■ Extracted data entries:
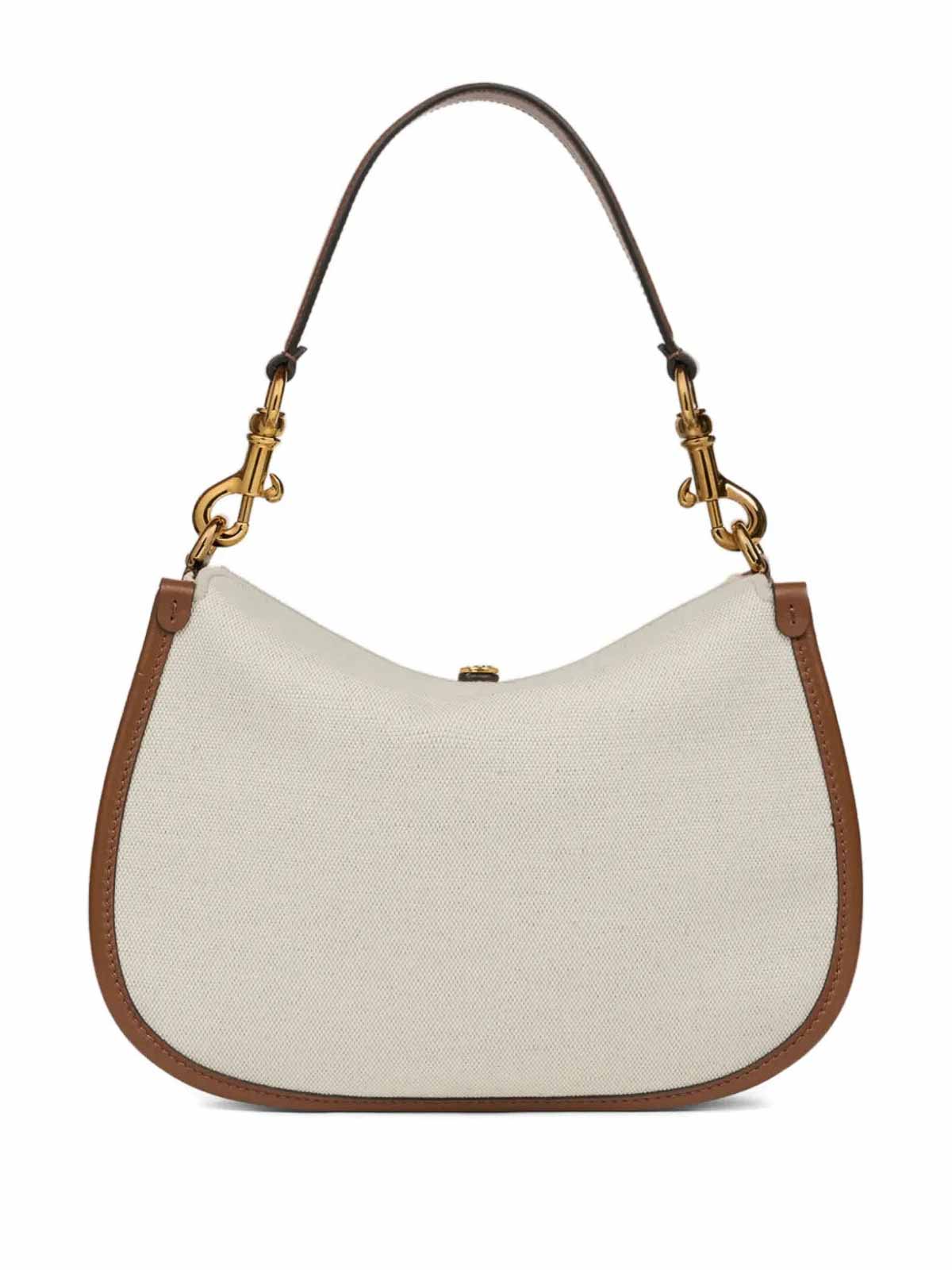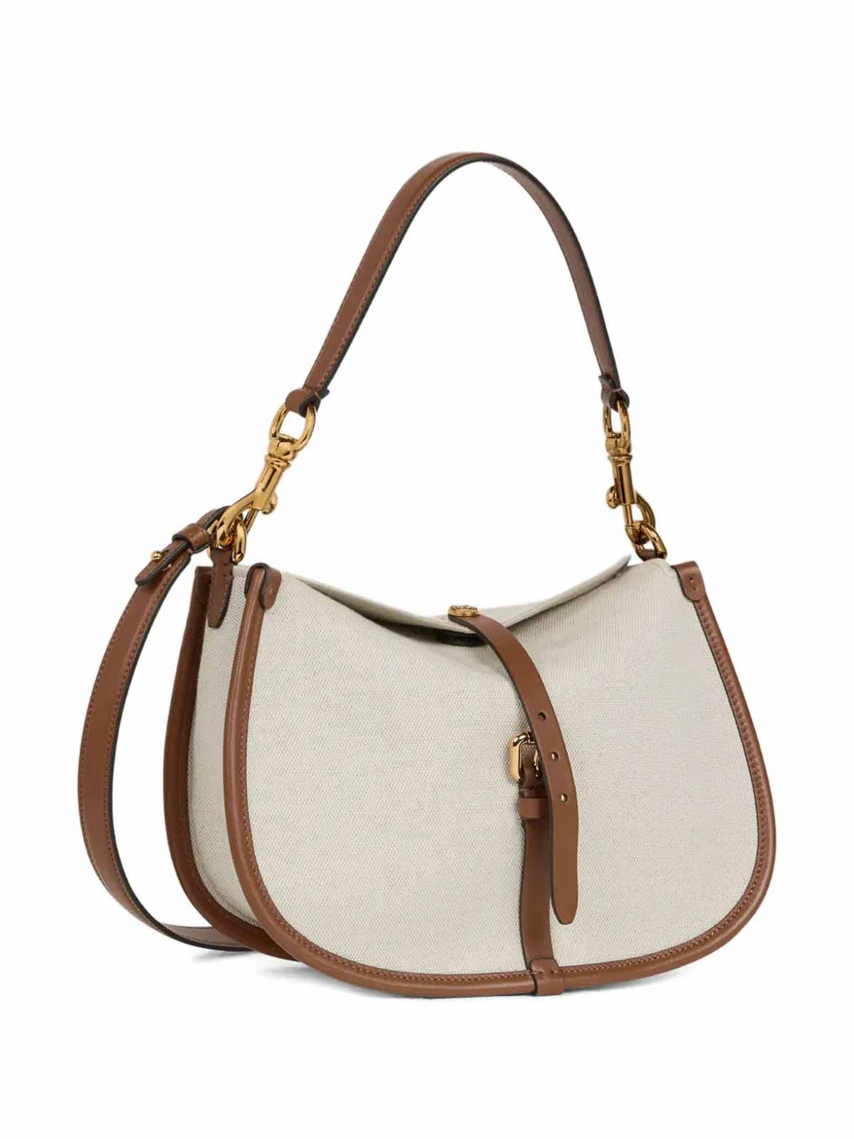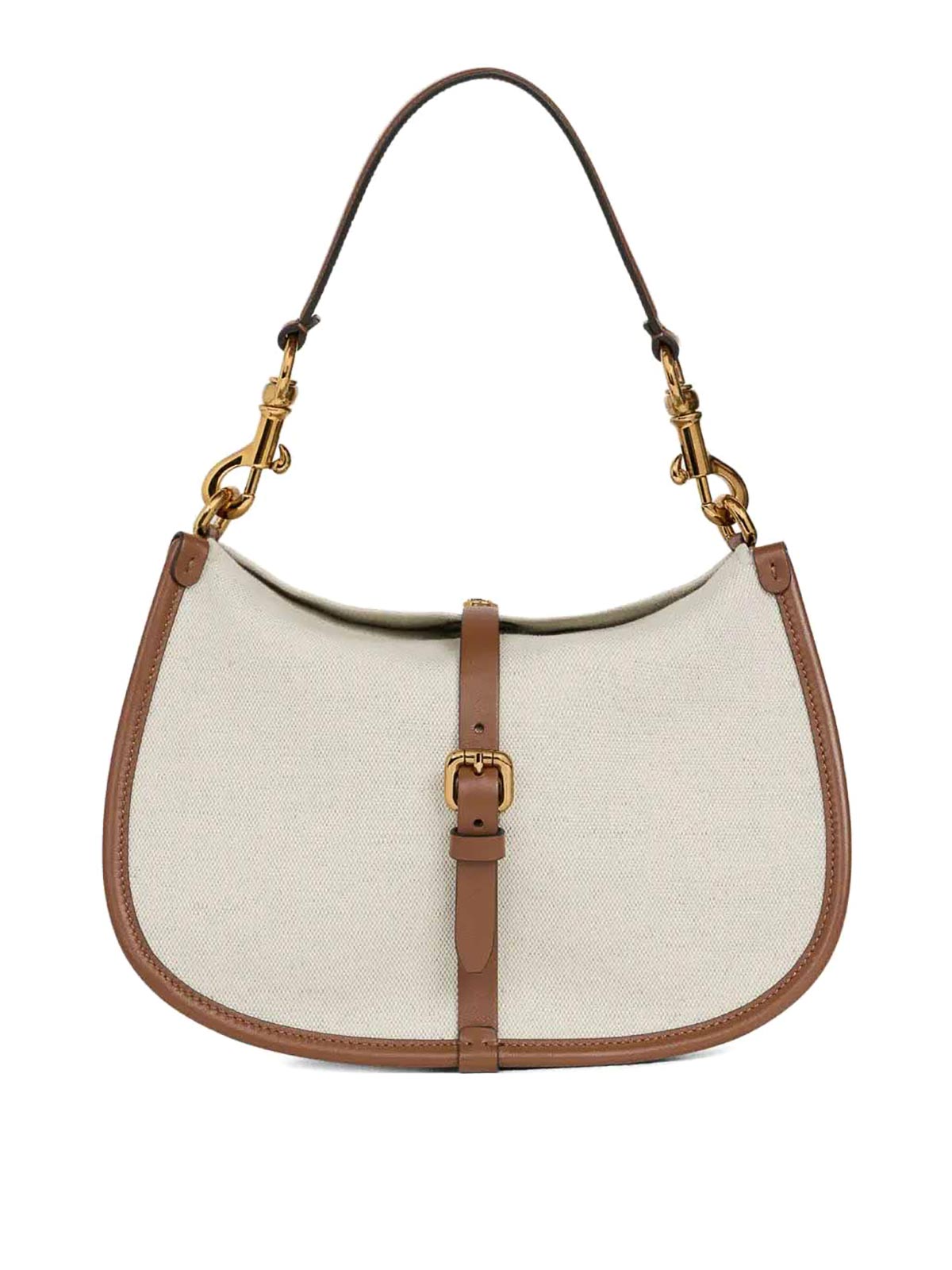 バックルクロージャー付きバッグ、調節可能なショルダーストラップ、ゴールドカラーのディテール。
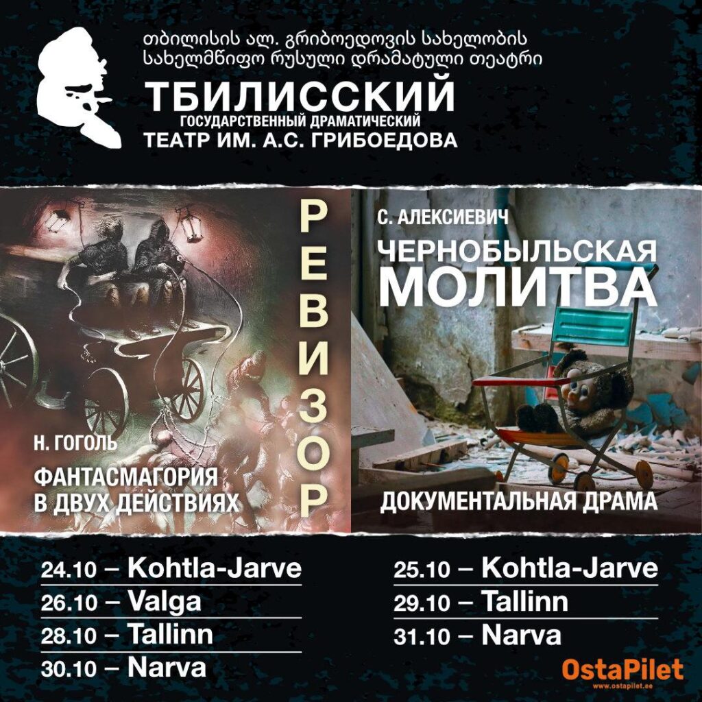 30 октября в 19:00 на сцене Дома культуры “Ругодив” в Нарве легендарный Тбилисский Государственный академический русский драматический театра имени А. С. Грибоедова с постановкой Автандила Варсимашвили по произведению Н. В. Гоголя “Ревизор”. А 31 октября в 19:00 – премьера 2024 года “Чернобыльская молитва”. Билеты уже в продаже в кассе ДК «Ругодив» и на сайтах:
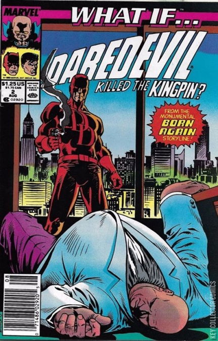 Cover art by Keith Pollard. What If Daredevil Had Killed the Kingpin?, script by Danny Fingeroth, pencils by Greg Capullo, inks by Ian Akin and Brian Garvey; After the Kingpin ruins his life, Matt kills him; Having a psychotic break after the murder, Matt shows up on the doorstep of Richard Fisk to let the Kingpin's son pass judgment on him; Hobgoblin and his goons interrupt the confrontation and both Matt and Ned are killed in the battle; Richard gives up being the Rose and dons a more familiar crime-fighting costume. Based on the Frank Miller/David Mazzucchelli "Born Again" storyline. Appearances by Spider-Man, the Punisher, and the Hobgoblin. First Marvel Art of Greg Capullo
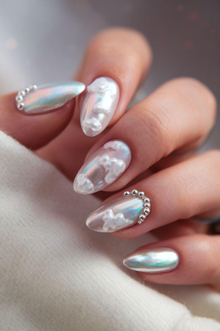 A soft, iridescent chrome base paired with raised pearly cloud accents and tiny silver beads, giving the nails a dreamy, winter-fairy aesthetic.
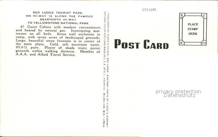 11688532 Red Lodge United States Tourist Park Highway 12 Beartooth Highway near Yellowstone National Park Kutsche postalisch nicht gelaufen Erhaltung siehe scans KatCode: 14140280000000
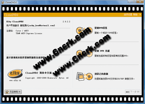 CloneDVD 能够将任何原始 DVD 标题截取、转换、写入单一 DVD,具备高效率、高影像品质的影片拷贝功能,能够将声音文件、字幕文件与影片合而为一,内建操作精灵介面,连初学者也可轻松操作
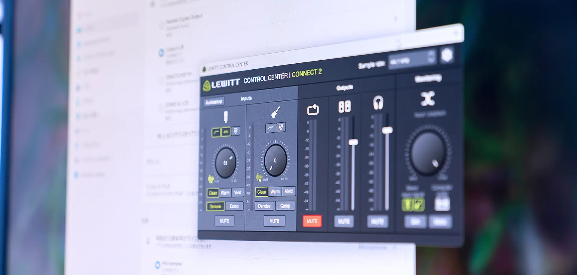 録音したいソースや求めるサウンドを選んでいくだけで、CONNECT 2は適切な入力設定(入力Gainや+48v、ローカット)、好みのプリアンプ・キャラクター、過大入力による歪みを防止するクリップガード、一貫したレベルを提供するコンプレッサー、バックグラウンドノイズを学習/除去するデノイザーなどを自動的にセットアップします。
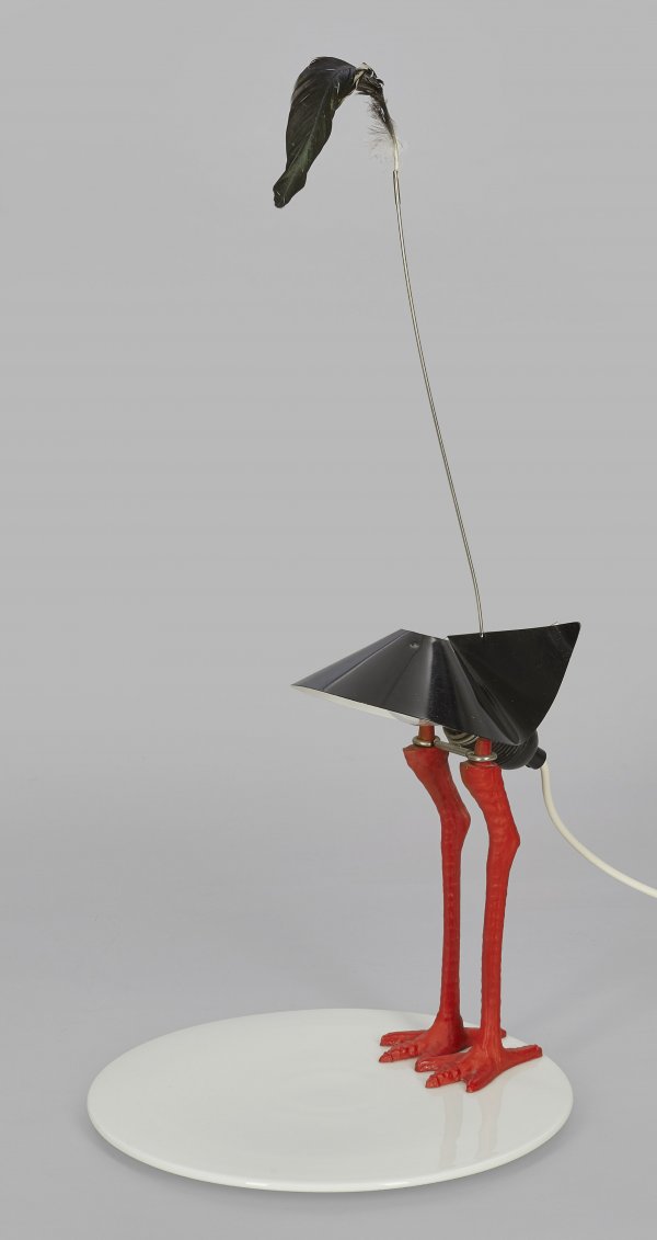 Designer Tischlampe "bibibibi" von Ingo Maurer sog. "Chicken light". Weißes Porzellan, roter Kunststoff und teilw. schwarz lackiertes Metall. Über flacher Sockelplatte als Reflektor naturalistisch gestaltete Vogelbeine als Träger für schwenkbares Leuchtmittel mit gewölbtem Schirm. Bez. 364/500 Z bibibibi Ingo Maurer sowie unterhalb Etikett. Entw. Ingo Maurer 1982 ursprünglich anlässlich der Hochzeit eines befreundeten Paares. Elektrifiziert. Ges.-H. 55 cm.
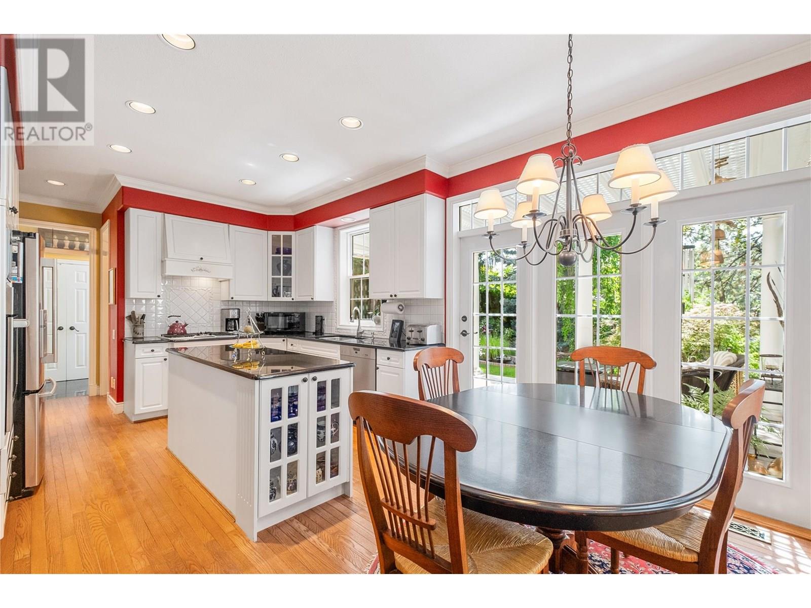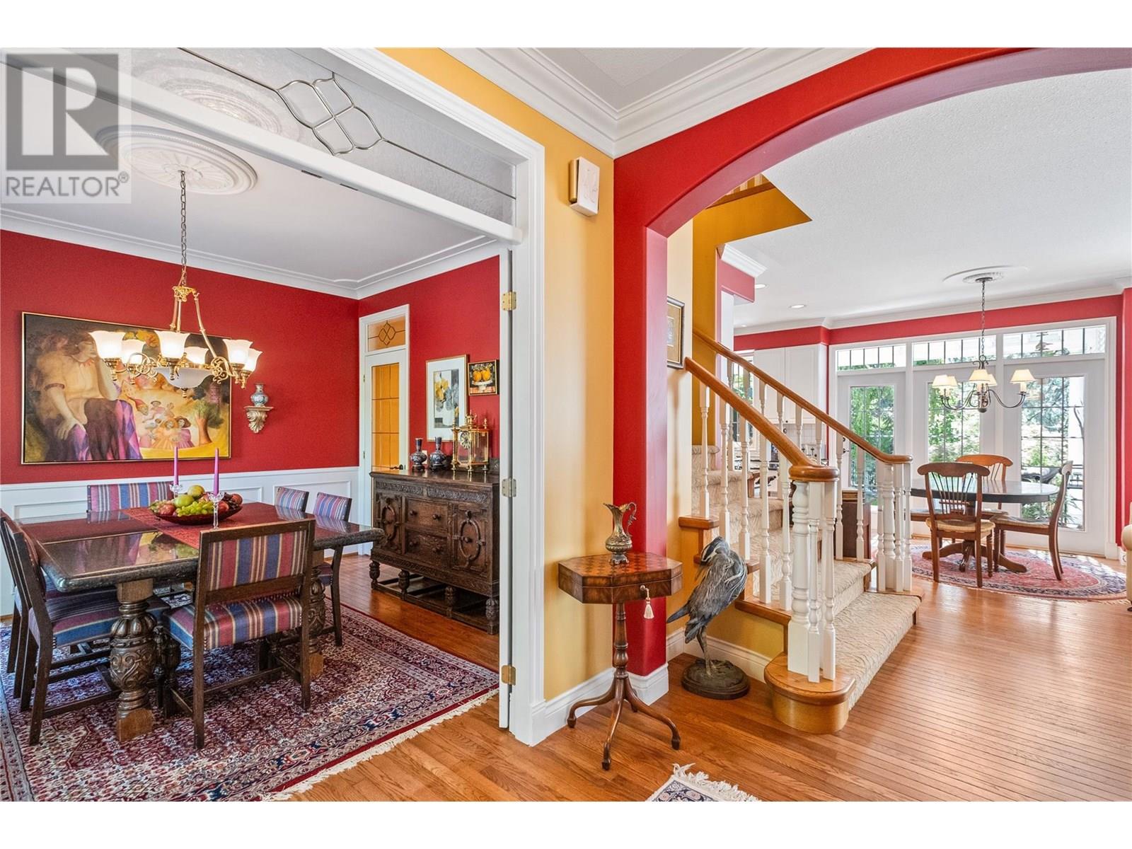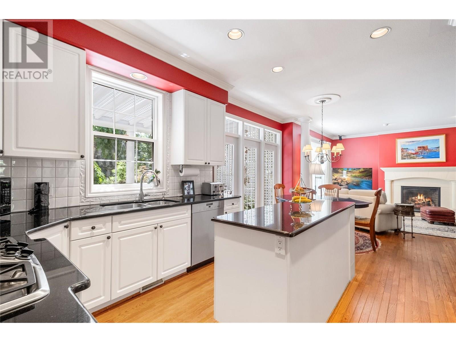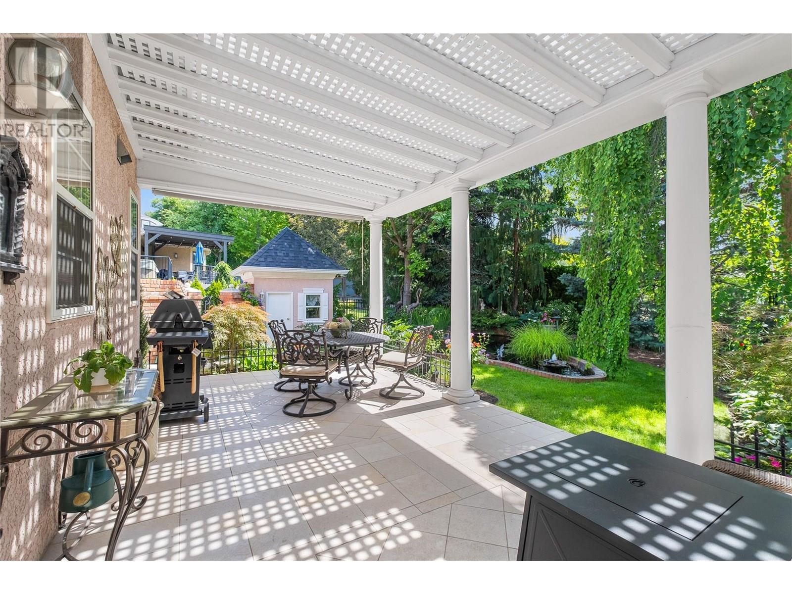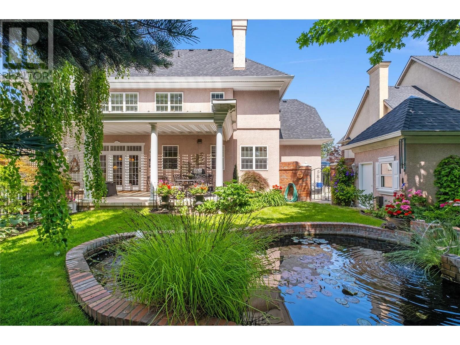 Welcome to 2087 Lillooet Court —""MUST SEE"" an elegant and impeccably maintained three-story French Provençal-style home, tucked away in a quiet cul-de-sac in the prestigious Dilworth Mountain community. Offering over 3,800 sq. ft. of bright, refined living space, this 5-bedroom, 4-bath home features four bedrooms and two full bathrooms on the upper level, including a luxurious master suite with breathtaking mountain views. The main level boasts gorgeous hardwood floors, a spacious living room, a cozy family room with a gas fireplace, and a formal dining area ideal for entertaining. The chef-inspired kitchen includes granite countertops, custom cabinetry, premium appliances, and a generous-sized island—perfect for everyday living and hosting. The walk-out lower level adds versatile space with a large family room, additional bedroom and bathroom, and suite potential—ideal for guests or multigenerational living Outside, enjoy beautifully landscaped, and a backyard complete with calming gardens, peaceful waterfalls & pond, and just off the kitchen a glass-covered patio with a gas BBQ hookup—your private oasis for relaxation and entertaining. Additional features include a welcoming wide and long driveway offering ample parking, multi-zone irrigation system, Located just minutes from downtown Kelowna, UBCO, top schools, golf courses, and renowned wineries, this exceptional property blends timeless style, comfort, and convenience. (id:62999)

■ TASK DETAILS:
Copy the lines above exactly, starting at the one with "11688532 Red Lodge" and ending at the one with "Ges.-H. 55 cm.", both included. Leave out any pictures and add nothing else.

■ FINAL ANSWER:
 11688532 Red Lodge United States Tourist Park Highway 12 Beartooth Highway near Yellowstone National Park Kutsche postalisch nicht gelaufen Erhaltung siehe scans KatCode: 14140280000000
 CloneDVD 能够将任何原始 DVD 标题截取、转换、写入单一 DVD,具备高效率、高影像品质的影片拷贝功能,能够将声音文件、字幕文件与影片合而为一,内建操作精灵介面,连初学者也可轻松操作
 録音したいソースや求めるサウンドを選んでいくだけで、CONNECT 2は適切な入力設定(入力Gainや+48v、ローカット)、好みのプリアンプ・キャラクター、過大入力による歪みを防止するクリップガード、一貫したレベルを提供するコンプレッサー、バックグラウンドノイズを学習/除去するデノイザーなどを自動的にセットアップします。
 Designer Tischlampe "bibibibi" von Ingo Maurer sog. "Chicken light". Weißes Porzellan, roter Kunststoff und teilw. schwarz lackiertes Metall. Über flacher Sockelplatte als Reflektor naturalistisch gestaltete Vogelbeine als Träger für schwenkbares Leuchtmittel mit gewölbtem Schirm. Bez. 364/500 Z bibibibi Ingo Maurer sowie unterhalb Etikett. Entw. Ingo Maurer 1982 ursprünglich anlässlich der Hochzeit eines befreundeten Paares. Elektrifiziert. Ges.-H. 55 cm.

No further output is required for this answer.